Thanks Nicholas for the response, apologies this isn't threaded, I was subscribed only to a daily digest.

Here's a version of the notebook that (sometimes) shows the lost connection problem. 
https://public.paws.wmcloud.org/User:Mat_kelcey/timeout%20and%20OOM%20repro.ipynb

It either fails directly with OOM or we lose connection to the server; I think it's as simple as it being just a long running query with a large result set. I'm thinking perhaps PAWS just isn't right for these types of queries? Not sure what tuning I can do, re: PAWS config or the query itself, I think I just need to learn more about other execution environments.

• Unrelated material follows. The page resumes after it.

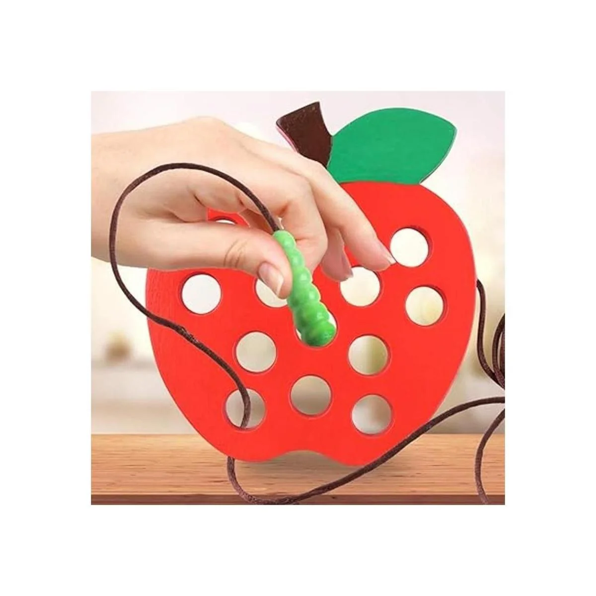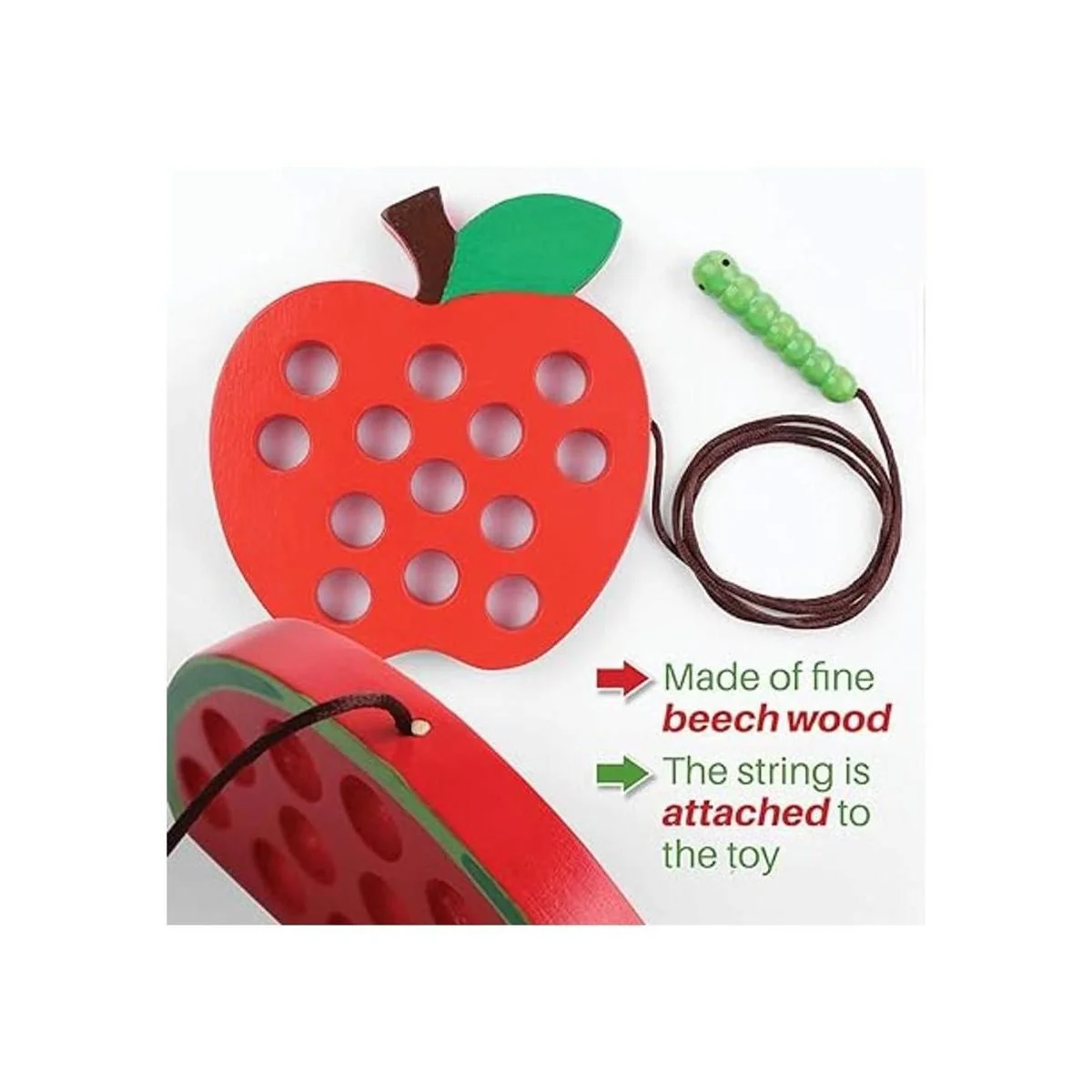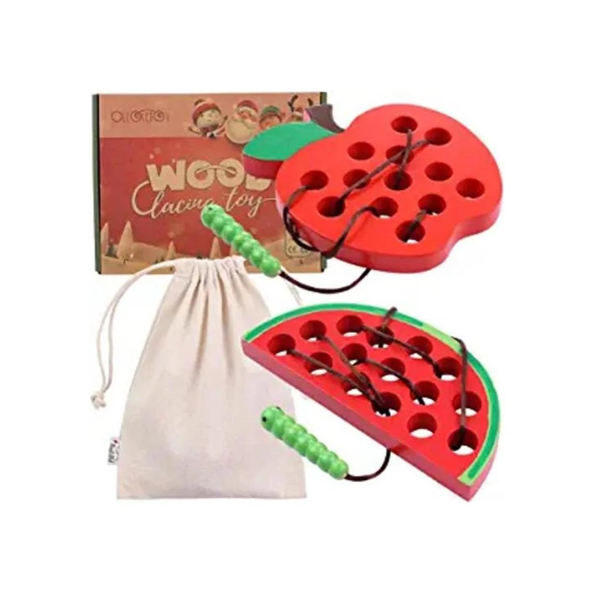 Juguetes de cordones para niños: divertido juguete de hilo de madera para tus hijos que incluye 1 juguete de manzana de cordones y 1 juguete de sandía que puede ayudar a desarrollar las habilidades de cordones y costura de tu bebé. Un juguete de cordones perfecto para niños con una bolsa de almacenamiento que puedes utilizar para poner el juguete de cordones de madera y llevarlo a cualquier lugar que desees. También tiene una calcomanía de frutas adicional para que tus hijos disfruten.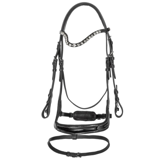 To ogłowie wykonane zostało z najwyższej jakości skóry, z anatomicznym, lakierowanym nachrapnikiem. Jego wyjątkowym elementem jest opadający naczółek, ozdobiony dużymi cyrkoniami o średnicy 1 cm, dodającymi mu efektownego wyglądu. Dodatkowo, posiada białe przeszycia oraz w zestawie znajdują się gumowane wodze.

In any case I have a way of running the query with minimal postprocessing that doesn't OOM, that I can write to disk and download to my local machine to play with. That's fine for now as I poke around with the dataset.

Cheers,
Mat

> hi all!
>
> as part of task "Look into matching images of the same painting"
https://phabricator.wikimedia.org/T131553
> <https://phabricator.wikimedia.org/T131553>
> i've been trying to reproduce some sql queries as described in
https://github.com/multichill/toollabs/blob/master/bot/wikidata/find_painting_images.py
>
> where as usually these scripts would be running under toolforge (or some
> other bot execution environment i'm not sure of) i've been finding these
> long running queries timeout under PAWS
>
> does anyone have suggestions / examples for running queries such as
http://tools.wmflabs.org/multichill/queries2/commons/paintings_without_wikidata_all.sql
> under PAWS?
>
> cheers,
> mat
> ____